Global Sensitivity Analysis of Relative Permeability and Capillary Pressure in Unsteady-State Core-Flooding Experiment
DOI:
https://doi.org/10.55592/cilamce.v6i06.8107Palavras-chave:
Global Sensitivity Analysis, SCAL, Enhanced Oil RecoveryResumo
Numerical simulation stands as a pivotal method within the petroleum industry, enabling the prediction of fluid flow in porous media. Its primary goal lies in analyzing behavior and forecasting oil production through fluid injection. However, the necessity for numerous simulations, each encompassing diverse multidimensional and compositional characteristics, presents a challenge. This leads to a significant accumulation of physical information, exacerbating the computational demands on the numerical model, particularly in terms of computational cost. To address this challenge, one potential solution is to determine the essential input parameters required for accurate oil production prediction. Global sensitivity analysis emerges as a powerful tool for this purpose, aiming to identify which input parameters exert the most significant influence on the numerical model's response, thus optimizing computation time. Unlike traditional approaches that focus on sensitivity around a single operating point, this study adopts a holistic perspective, assessing sensitivity across the entire sample space of the inputs. Specifically, this research investigates the impact of changes in parameters related to relative permeability and capillary pressure curves within a plug during unsteady-state core-flooding experiments. The key metrics under scrutiny include water saturation profiles, pressure differentials, and cumulative oil production. Sobol indices, a method for quantifying global sensitivity, are employed to assess the contribution of each input parameter's variance to the outputs' variance. The mathematical framework employed here is based on the multiphase (water/oil) Darcy equation, incorporating capillarity effects in one-dimensional longitudinal flow, incompressible flow assumptions, and constant injection flow, commonly known as the Black Oil model.
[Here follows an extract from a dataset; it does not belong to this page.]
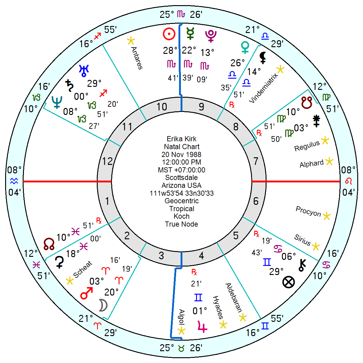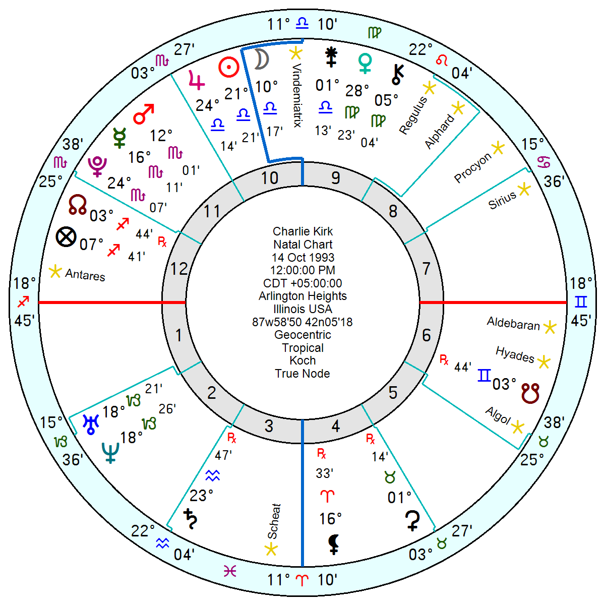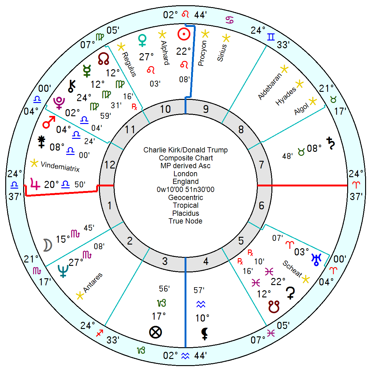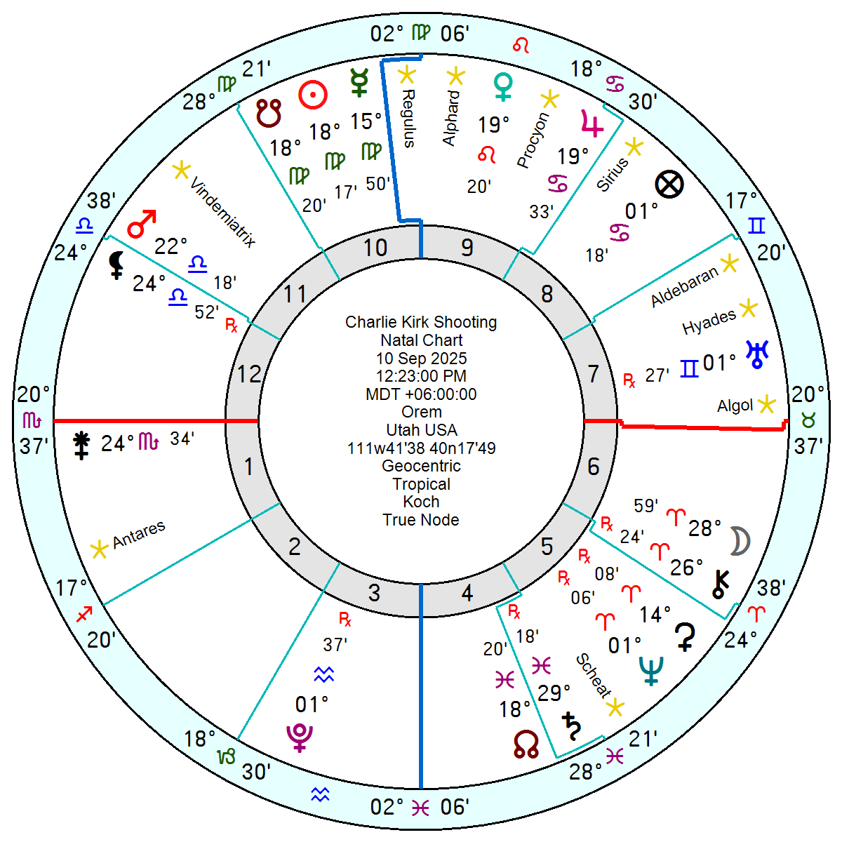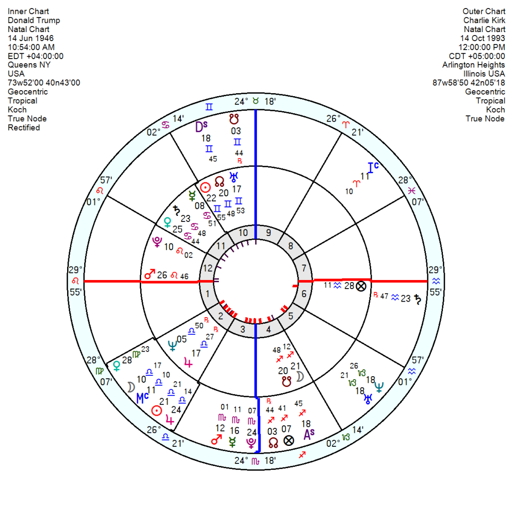 What is astro-puzzling is his chart comparison with Trump whose faithful bondsman he has been since the 2016 election. Admittedly Kirk’s Sun Jupiter in Libra and Saturn in Aquarius chime well with DT’s Gemini Sun. But everything else is heavily conflicted. Kirk’s Saturn opposes DT’s Mars and Kirk’s Pluto is conjunct DT’s IC. Kirk’s Mars squares DT’s Pluto and Kirk’s Uranus Neptune opposes DT’s Saturn. Put them in the same room for a week and there would have been trouble.

The model is solved utilizing an implicit finite difference methodology with time step control, with relative permeability and capillary pressure parameterized by the LET model. The outcomes of this analysis provide valuable insights, notably in reducing the number of estimable parameters in inverse problems on a global scale. This reduction significantly diminishes computing costs, offering greater flexibility in constructing surrogate models for future simulations.